Dezeen promotion: iconic objects, prototypes and designs that never made it into production will be among the 200 pieces that Vitra will present during Milan design week this month.
Curated by Austrian designer Robert Stadler, the Typecasting exhibition will take place inside La Pelota – a former sports hall in Milan.
For six days, the vast space will host a selection of pieces selected by Stadler from the Vitra archive.
Stadler plans to organise the objects in a way unrelated to their functions or the history of furniture. Aiming to examine the way furniture shapes people's lives and identities, he will group the objects according to the personality traits he feels they possess.
"This film-set-like display of iconic, forgotten and new Vitra objects is as much about furniture as it is about us," he said. "Along with its practical task, furniture has always had a representational function. As such, chairs can typically be read as personalities or portraits."
The designer describes these groupings as communities, in which iconic products will be displayed alongside prototypes and unsuccessful reject designs.
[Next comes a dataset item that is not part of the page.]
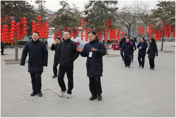 张劲林一行园内对主游览线路的景观布置、游览安保等进行了检查,主要包括节庆景观和皇家特色文化活动的安排、安全制度和保障措施的执行落实、经营服务有序运行等情况。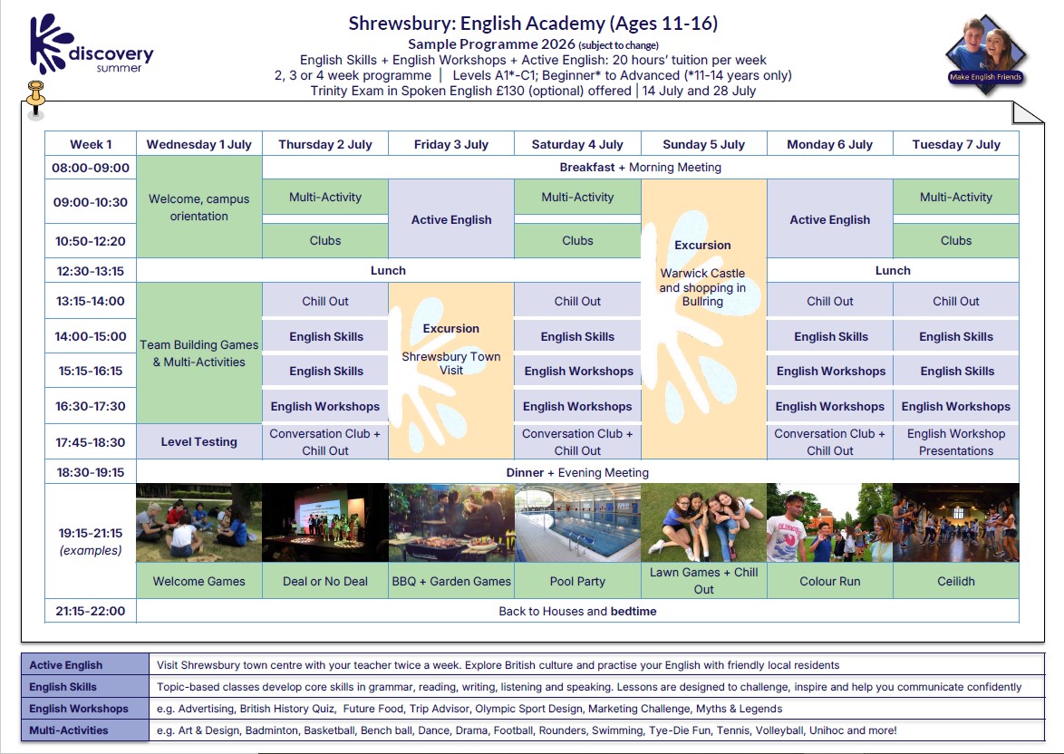 W Shrewsbury uczniowie mogą liczyć nie tylko na standardową naukę języka angielskiego, ale także na zdobywanie doświadczenia w pracy zespołowej czy rozwój umiejętności przywódczych. Jest to jednocześnie doskonała okazja do praktycznego ćwiczenia języka, jak i fantastyczna wakacyjna przygoda. Program kursu językowego składa się z:

"This organising principle offers a new view of the broad range of objects Vitra has contributed to design," Stadler said. "As a transhistorical, non-hierarchical presentation, it combines different object typologies chosen from current and past production, special editions and prototypes."
"Looking at familiar objects through the lens of self-staging and image cultivation sharpens the perception of furniture's role in defining our personal and social profiles."
Stadler was born in Vienna, but lives and works in Paris. His past projects include an update on the classic bentwood bistro chair and a range of seating in tribute to French interior designer Jean Royère.
Some of the objects he has selected for the Typecasting exhibition include a blocky chair by American sculptor Scott Burton, a lamp by Japanese-American artist Isamu Noguchi and a stripy chair by Italian architect Antonio Citterio.
The exhibition will also feature proposals on a piece of furniture for collective living spaces titled The Communal Sofa, where designers including Konstantin Grcic, Barber and Osgerby, the Bouroullec brothers, as well as Stadler, will explore furniture typologies.
Vitra is a Swiss furniture company, with its headquarters based at a campus in Weil am Rhein, Germany. This campus also accommodates production facilities, as well as the Vitra Design Museum.
The Vitra Design Museum will also present new projects at La Pelota. This will include new pieces from its Miniatures Collection and a new reference book on modern furniture design named Atlas of Furniture Design, which will be published later in 2018.
Typecasting takes place at La Pelota on Via Palermo 10 from 17 to 22 April 2018.